The first time I met Russ Unger in person was at a gathering at a local Chicago watering hole. Within minutes Russ and I had identified a Polish football fan still nursing the wounds inflicted from his team's loss (and presumably treating the symptoms with alcohol) and we instantly identified a timeless photo op :-). Though Russ and I had never met each other, we'd been introduced by a mutual friend and had been keeping in touch online. These days, we get together fairly regularly for a lunch and chat—I'd consider Russ a friend.
But what is a friend really, in this day and age when we can have literally thousands of them on Facebook, and numerous other networks? How do we decide who are business contacts, industry acquaintances and genuine friends? Where is the line and does it blur at all? These are some of the topics Russ and I will be discussing at our upcoming SXSW Salon session titled "Friendship is Dead".
It's a really interesting and relevant topic in times like this.
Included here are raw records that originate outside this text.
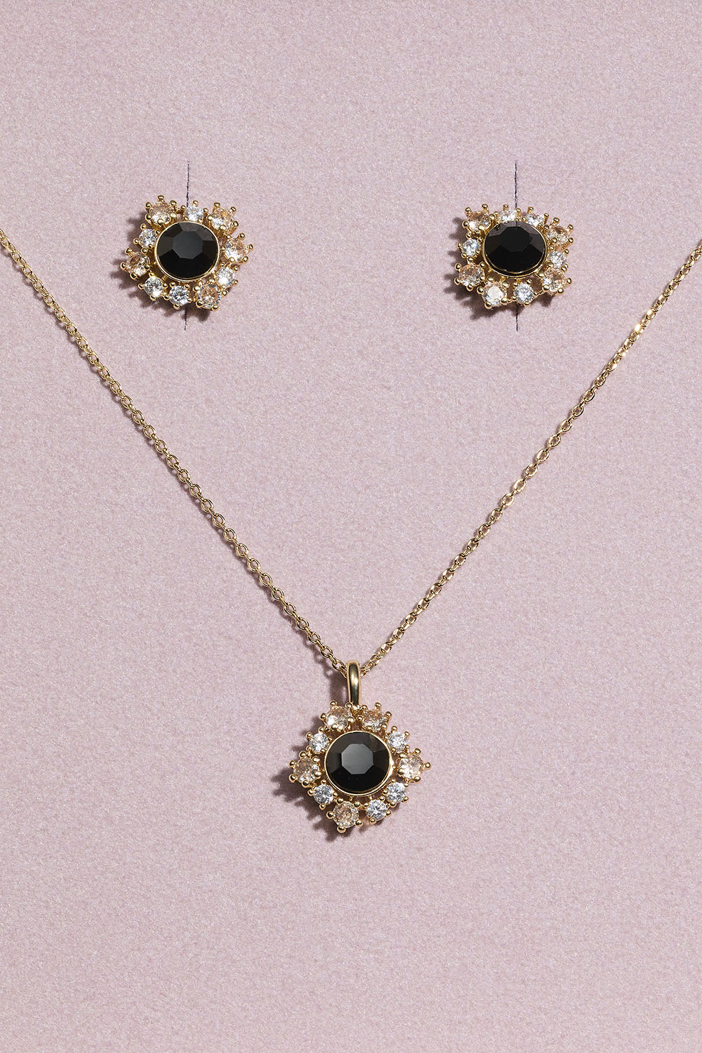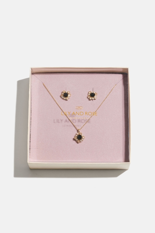 Emily halskjede og øredobber gløder av lys og er laget av en besnærende kullsvart krystall, som skaper en nydelig helhet med mindre mystiske opaler og klare krystaller. Innfattet i gull. Fullfør looken med andre smykker fra vår Emily-kolleksjon.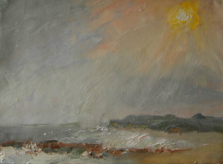 This was painted on a cold afternoon in a light fog as the sun was beginning to set. The painting is in oil on canvas mounted on a wood panel and is ready to hang framed or unframed.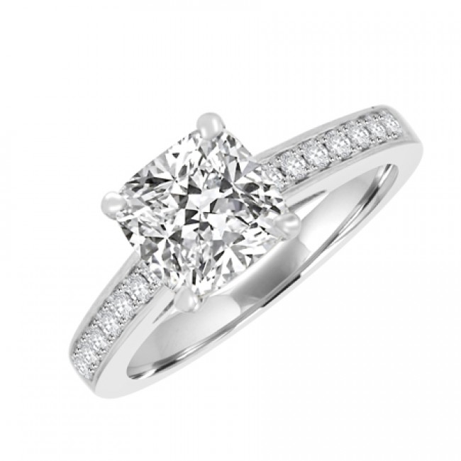 Platinum Solitaire Cushion Diamond Ring with Stone Shoulders Key Features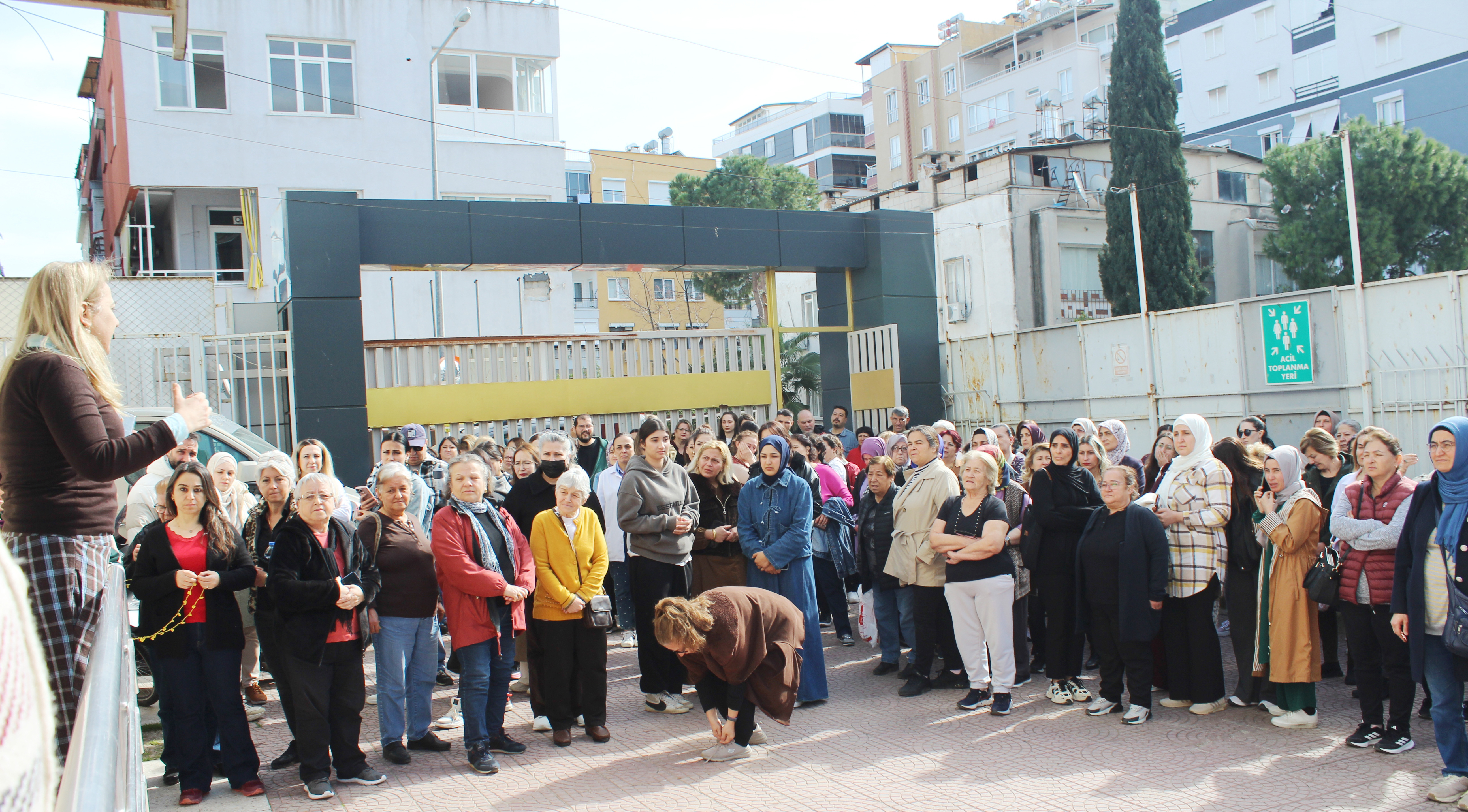 AKHEM Müdür Yardımcısı Meltem Çobanoğlu, senaryo gereği kurum personeli ile kursiyerlere acilen binayı boşaltmaları, toplanma merkezi olan bahçeye çıkmaları çağrısında bulundu. Olası bir afet durumunun yaşandığı varsayılarak personelin, kursiyerlerin tahliye edilmesinin ardından kalabalığa "Panik yapmayın, sakin olun, bu bir tatbikat" denildi, yapılacak konuşmaların, önerilerin dinlenmesi istendi.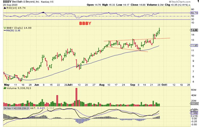 BBBY was in a report last week, it is getting follow through. I would use a trailing stop and if you went in heavily you can always sell a little on the way higher. AS A TRADER, I see the volume lightening up and would expect a possible back test of the red line, so I would have sold some.

I've always considered the people I grew up with and went to college with my closest friends—but increasingly as I meet people who I correspond with across multiple networks, I've noticed there is a similar dynamic that happens to that of when I get together with old familiar friends. We're able to launch right into a comfortable conversation as if we've known each other for years. But in reality—we'd just met. Is this something you've experienced? Is that friendship? That's what we are hoping to explore.
As I've discussed before, we're living in a time where our social circles are expanding and potentially overlapping more than ever. Our inner circle contains our most intimate and trusted friends while our outer circles contain more numerous casual contacts. But there are new and emerging dynamics around that. For example, when we were helping Daniela and her family, it was my outer circles that I appealed to and acted first offering all kinds of support. I didn't even think about approaching family and lifelong friends (initially). The inner circles acted later as the news spread. In retrospect, this was interesting behavior on both my part and the part of the individuals who sprung into action. I described the feeling as neighborly—perhaps another subset of friendship.
If you're coming to SXSW, be sure to join Russ and myself on Saturday evening. The format is low key, will include refreshments and it will be more of a conversation. There's certainly downsides to all of this as one person can only support so many meaningful relationships. It's definitely something worth thinking about as we navigate through possible the most connected age in history. Hope to see you there.